As for the actual existence of this or that supersensible reality, I shall have nothing to say here.  As a matter of mere logic, Freud, having assumed (A) their non-existence (on principle), seeks to explain their prevalence in people’s belief, and finds the answer in psychological projection.   (I have myself attempted a similar explanation, in the related case of penguins.)

Very well.  But what of that vast, enduring, ever-evolving, and richly articulated  suprasensible reality  known as mathematics ?   A Naturalist (or, in our terms Nominalist, as opposed to Platonist or Realist) account  must either hopelessly scumble the actual distinctness, variety, and logical interrelation of its explicandum, or reduce to absurdity (which part of the Oedipal complex gives rise to the Urysohn Metrization Theorem?).
[We’ll refrain from writing yet another anti-naturalist satire, and merely point the reader who has an appetite for such things, to the following, directed against the overreachings of ultra-Darwinism/evolutionary-psychology:  The Urysohn MetrizationTheorem:  an Adaptationist Account. ]

The real point of that observation has, of course, nothing to do with Freudian psychology per se, for we count ourselves (on many points) among its defenders, but rather takes aim at Assumption A -- the axiomatic non-existence of suprasensible realities.   If that assumption is infirmed in the case of mathematics, other questions are re-opened as well.
(In actual fact, I believe that even coffee-cups -- and certainly rabbits -- are largely supersensible, ourselves having access to but the intruding tip here below;  but that is a matter for a later seminar.  For the nonce, consult our discoveries concerning the elusive snow bunnies, who are uncontroversially supersensible.)

We have expounded and defended the Platonist account, in a long series of essays beginning here:

            Theologia mathematica


We hold -- to make the point precise -- that psychology has nothing whatever to say, nor ever could, about the transcendental organon -- timeless, independent of species and even of embodied consciousness -- of abstract mathematics itself.   Where psychology may have something to say, is about the vicissitudes of mathematical discovery, as a human (or Venusian) activity:


So far, however, no-one but mathematicians themselves (as opposed to professional psychologists) have had anything of interest to say on the subject; and even they, not much.

2 comments:

  1. Is assumption (A) actually required in order to believe that people's understandings of supersensible realities are mere projections of their internal psychological processes?

    The thing about supersensible reality is that there is no way to obtain any feedback about whether one's understanding of it is correct, so organized religions end up saying things about God that make parishioners feel good (and willing to tithe), rather than things about God that are actually "true" (whatever that might mean in a supernatural context).

    Even if you believe that some religion (Orthodox Christianity, for example) actually manages to capture some truth, its rites and trappings will contain much chaff along with the wheaten truths because there is no reliable way to thresh them apart.
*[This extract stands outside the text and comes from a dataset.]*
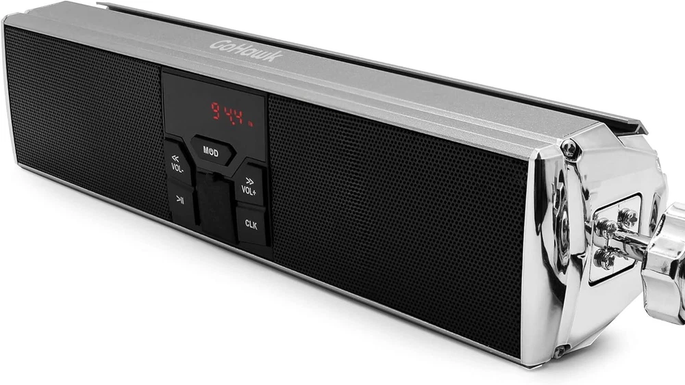 =============================================================== =============================================================== 1) Bluetooth Wireless 2) 24 White LEDs Strip 3) USB 2.0 4) AUX-IN 5) FM Radio 6) Display with Clock Cover: 87.5 - 108 MHz Sensitivity: ≤37dB Distortion: ≤0.5% SNR: ≥40dB LED Color: White Body Color: Silver Side Plate Color: Chrome Mounting Clamp Color: Silver Rated Voltage: 12V DC Max Input Power: 12W x 2 Rated impedance: 4 - 8Ω Bluetooth Ver.: 4.0 Bluetooth Protocol: AVRVP1.0, GAVDP1.0, ADVTP1.0, A2DP1.0 Wireless transmission range > 15m Frequency range:20Hz - 20KHz 3.5mm Audio Jack: No AUX-IN: 3.5mm USB: Support USB Drive in mp3 format USB Charging: No Dimensions: Speaker Width(Body): 9-3/4 in. Speaker Width(Overall): 18-1/4 in. Handlebar Clamp Size: 7/8 to 1-1/4 in. 1 x Speaker Stereo Main Unit 2 x Mounting Clamp 1 x Power Harness 1 x User Manual GoHawk's motorcycle soundbar speaker features an innovative mounting design with a new ball stub design and mounting clamp that supports 7/8" to 1 1/4" handlebars. The 360-degree swivel-able feature allows for custom installation, and the speaker comes with a 59" battery cable harness with a ring terminal connector, making it easy to install. The GoHawk RE9-X model has an overall width of 18-1/4" and is compatible with most motorcycles, ATVs, UTVs, 4-wheelers, go-karts, and golf karts. Before purchase, make sure to measure your handlebar center clearance. If you have a smaller handlebar clearance, consider the RE8 model with an overall width of 16-3/4". GoHawk's dual waterproof motorcycle stereo speakers come with a high-performance power amplifier built-in and 24 white LED strips that can be turned on and off with one click. The speaker clamp has a universal fit for 7/8" to 1 1/4" handlebars, and the aluminum stereo main unit has a satin finish and a digital display for easy use. This motorcycle speaker has Bluetooth wireless capabilities that allow you to stream your favorite music and radio channels from your smartphone. It is compatible with a wide range of devices, including iPhone, iPod, Samsung Android Galaxy S Note series, and any smartphone devices. It also supports USB MP3 files, FM radio, and has a clock display. Enjoy superb crystal sound quality with this advanced waterproof motorcycle speaker designed for 12V applications. The satin-finished stereo unit is built with high-quality aluminum material and is perfect for outdoor use. It's easy to install with all necessary hardware and wiring included, and it comes with a standard 12V power connection for plug-and-play convenience. Brand GoHawk Model Name RE9 X Speaker Type Outdoor, Soundbar Connectivity Technology Bluetooth, Auxiliary, USB Special Feature Waterproof 5961861
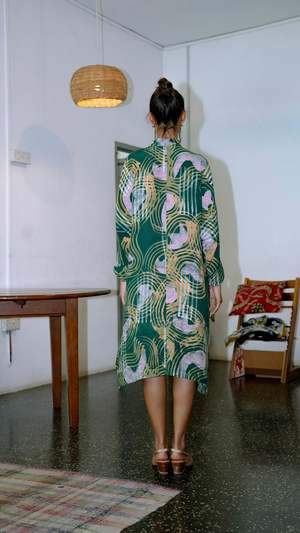 The Para Dress in Waters is a loose-fitting, airy dress crafted from 100% LENZING ECOVERO rayon. Featuring a mandarin collar, button-front closure, and batwing sleeves, it drapes softly while maintaining enough volume to create bold, sculptural shapes in motion. Inseam pockets and a slightly curved hem complete the relaxed, functional design. Details: Fabrication: 100% LENZING ECOVERO rayon Fit: True to size, loose silhouette Features: Mandarin collar, button-front, batwing sleeves, inseam pockets, curved hem Made in Ghana, hand dyed and batiked Unique: Each piece is hand-dyed; print placement and hue may vary Design: Waters A timeless, artisanal dress that combines effortless comfort, movement, and West African craftsmanship. Care guide: Hand or machine wash delicate, hang dry, or dry clean.

And the particulars of the "chaff" will be based on the nature of people and how they think.

    Why did the Catholic church used to believe that the world was flat, that God abhors a vacuum, etc.? Because that is how people instinctively believe that the world works, so they projected their own instincts onto God.

    There is no need to cite the Oedipal complex to explain the Urysohn Metrization Theorem; it can be interpreted simply as a projection of our need to see God's universe as a fundamentally ordered place, regardless of whether He actually made it that way. A similar projection occurs in Neoplatonism, which holds that "math circles" are real and "physical-universe circles" are mere imperfect shadows of the divine forms. This allows one to believe in a more orderly universe, while ignoring the pesky problem that God's design for this universe does not permit perfect circles to exist, implying that He doesn't actually like them, so in what way are they "divine"?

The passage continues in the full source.